Assistant Professor of Genetics

The Edison Family Center for Genome Sciences & Systems Biology
Couch Biomedical Research Building, Campus Box 8510
4515 MicKinley Ave.
St. Louis, MO 63110
Office: (314) 362-1034

My Work

Research Publications

Science column for Pacific Standard


Cis-Regulation in Photoreceptors

I am interested in the fundamental decision faced by a gene, which is to read the state of the world and determine whether or not to be expressed. How this decision is made explains one of the most mind-boggling facts in biology: Adult organisms consist of up to trillions of highly organized and extremely specialized cells that differ greatly from each other, and yet most of these cells have exactly the same DNA. This is possible only because genes are associated with regulatory DNA that ensures that they are expressed at the right place and time. My goal is to understand how gene expression decisions are encoded in the sequence of regulatory DNA.

Current areas of focus:

DNA sequence determinants of transcription factor binding in photoreceptors
The vertebrate transcription factor CRX drives the expression of genes necessary to maintain the cell identity of rod and cone photoreceptors. How CRX recognizes its functional targets amidst a vast genomic excess of potential binding sites is not understood. I use massively parallel reporter assay technology to discover the DNA sequence features that define a functional CRX binding site.

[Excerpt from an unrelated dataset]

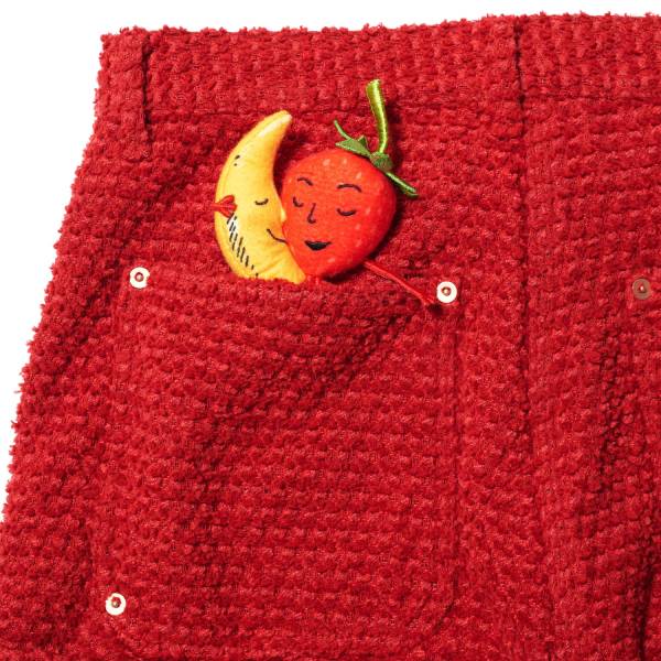 立体的ないちごと月のワッペンは、手刺繍と手芸で丁寧につくられたSKY HIGH FARM UNIVERSEの象徴です。

Cis-regulatory mechanisms of retinopathy mutations in CRX
Mutations in CRX cause several different inherited blinding diseases. How different mutations in this single gene lead to different pathologies is not known. We are using massively parallel reporter assay technology to discover how different disease mutations alter the activity of CRX.

Thermodynamic models of cis-regulation
The activities of cis-regulatory elements are determined by the transcription factors that bind them. The relationship between a DNA sequence, bound transcription factors, and levels of gene expression is often complex and non-intuitive. I use a statistical thermodynamic framework to model the relationship between DNA sequence and gene expression.